=== Section Start ===

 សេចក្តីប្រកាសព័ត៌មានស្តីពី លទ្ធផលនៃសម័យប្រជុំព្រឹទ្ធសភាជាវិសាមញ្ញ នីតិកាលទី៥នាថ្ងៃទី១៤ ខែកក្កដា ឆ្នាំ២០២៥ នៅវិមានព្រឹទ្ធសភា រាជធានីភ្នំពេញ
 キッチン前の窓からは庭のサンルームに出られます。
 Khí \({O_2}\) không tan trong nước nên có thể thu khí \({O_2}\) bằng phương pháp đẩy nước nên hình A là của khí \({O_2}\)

=== Section End ===
=== Section Start ===

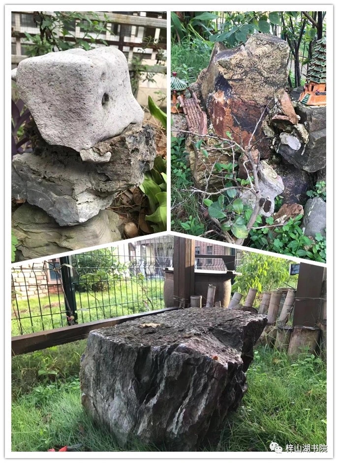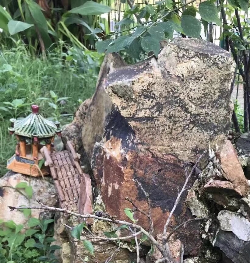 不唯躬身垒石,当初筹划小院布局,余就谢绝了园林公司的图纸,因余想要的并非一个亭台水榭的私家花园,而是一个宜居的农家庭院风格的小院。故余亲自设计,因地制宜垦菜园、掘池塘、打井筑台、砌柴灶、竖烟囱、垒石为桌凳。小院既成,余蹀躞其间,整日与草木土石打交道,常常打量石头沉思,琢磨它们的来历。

=== Section End ===

WORK ITEM ▸ Going back over the entries above, copy word for word every line from the one that has "ឆ្នាំ២០២៥ នៅវិមានព្រឹទ្ធសភា រាជធានីភ្នំពេញ" on through the one that has "không tan trong".

COMPLETED TASK ▸
 សេចក្តីប្រកាសព័ត៌មានស្តីពី លទ្ធផលនៃសម័យប្រជុំព្រឹទ្ធសភាជាវិសាមញ្ញ នីតិកាលទី៥នាថ្ងៃទី១៤ ខែកក្កដា ឆ្នាំ២០២៥ នៅវិមានព្រឹទ្ធសភា រាជធានីភ្នំពេញ
 キッチン前の窓からは庭のサンルームに出られます。
 Khí \({O_2}\) không tan trong nước nên có thể thu khí \({O_2}\) bằng phương pháp đẩy nước nên hình A là của khí \({O_2}\)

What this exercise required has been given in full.